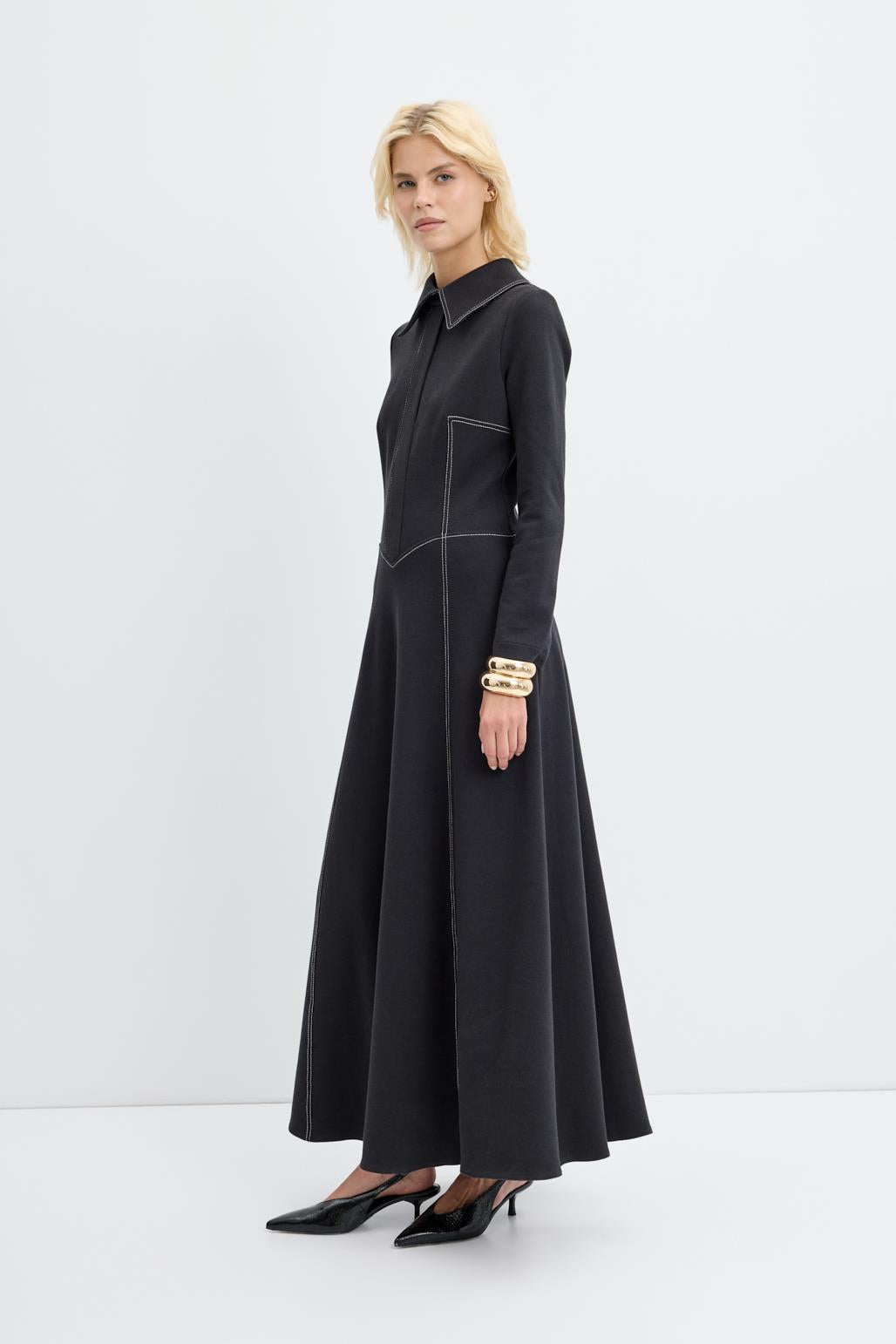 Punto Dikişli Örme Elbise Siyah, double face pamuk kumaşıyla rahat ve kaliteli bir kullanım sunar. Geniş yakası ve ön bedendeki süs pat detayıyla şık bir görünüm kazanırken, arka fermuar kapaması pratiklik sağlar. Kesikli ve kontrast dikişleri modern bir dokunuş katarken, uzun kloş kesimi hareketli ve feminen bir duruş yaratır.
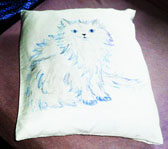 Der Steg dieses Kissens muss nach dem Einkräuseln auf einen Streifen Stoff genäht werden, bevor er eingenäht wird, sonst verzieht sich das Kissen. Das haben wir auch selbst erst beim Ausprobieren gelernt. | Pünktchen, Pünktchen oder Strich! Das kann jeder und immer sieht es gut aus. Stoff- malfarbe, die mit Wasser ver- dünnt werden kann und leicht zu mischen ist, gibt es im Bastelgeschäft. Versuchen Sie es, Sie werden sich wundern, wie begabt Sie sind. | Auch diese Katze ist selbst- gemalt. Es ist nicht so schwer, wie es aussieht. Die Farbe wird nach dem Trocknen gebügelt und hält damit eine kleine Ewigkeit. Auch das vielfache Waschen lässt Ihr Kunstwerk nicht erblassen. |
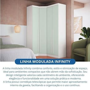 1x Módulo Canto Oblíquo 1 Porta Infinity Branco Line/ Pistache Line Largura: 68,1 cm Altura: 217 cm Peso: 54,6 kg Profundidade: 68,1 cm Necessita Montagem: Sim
:::::
- **Aim of the task**:
Copy out all the data without changing anything, and drop the pictures.

- **Solution**:
 Punto Dikişli Örme Elbise Siyah, double face pamuk kumaşıyla rahat ve kaliteli bir kullanım sunar. Geniş yakası ve ön bedendeki süs pat detayıyla şık bir görünüm kazanırken, arka fermuar kapaması pratiklik sağlar. Kesikli ve kontrast dikişleri modern bir dokunuş katarken, uzun kloş kesimi hareketli ve feminen bir duruş yaratır.
 Der Steg dieses Kissens muss nach dem Einkräuseln auf einen Streifen Stoff genäht werden, bevor er eingenäht wird, sonst verzieht sich das Kissen. Das haben wir auch selbst erst beim Ausprobieren gelernt. | Pünktchen, Pünktchen oder Strich! Das kann jeder und immer sieht es gut aus. Stoff- malfarbe, die mit Wasser ver- dünnt werden kann und leicht zu mischen ist, gibt es im Bastelgeschäft. Versuchen Sie es, Sie werden sich wundern, wie begabt Sie sind. | Auch diese Katze ist selbst- gemalt. Es ist nicht so schwer, wie es aussieht. Die Farbe wird nach dem Trocknen gebügelt und hält damit eine kleine Ewigkeit. Auch das vielfache Waschen lässt Ihr Kunstwerk nicht erblassen. |
 1x Módulo Canto Oblíquo 1 Porta Infinity Branco Line/ Pistache Line Largura: 68,1 cm Altura: 217 cm Peso: 54,6 kg Profundidade: 68,1 cm Necessita Montagem: Sim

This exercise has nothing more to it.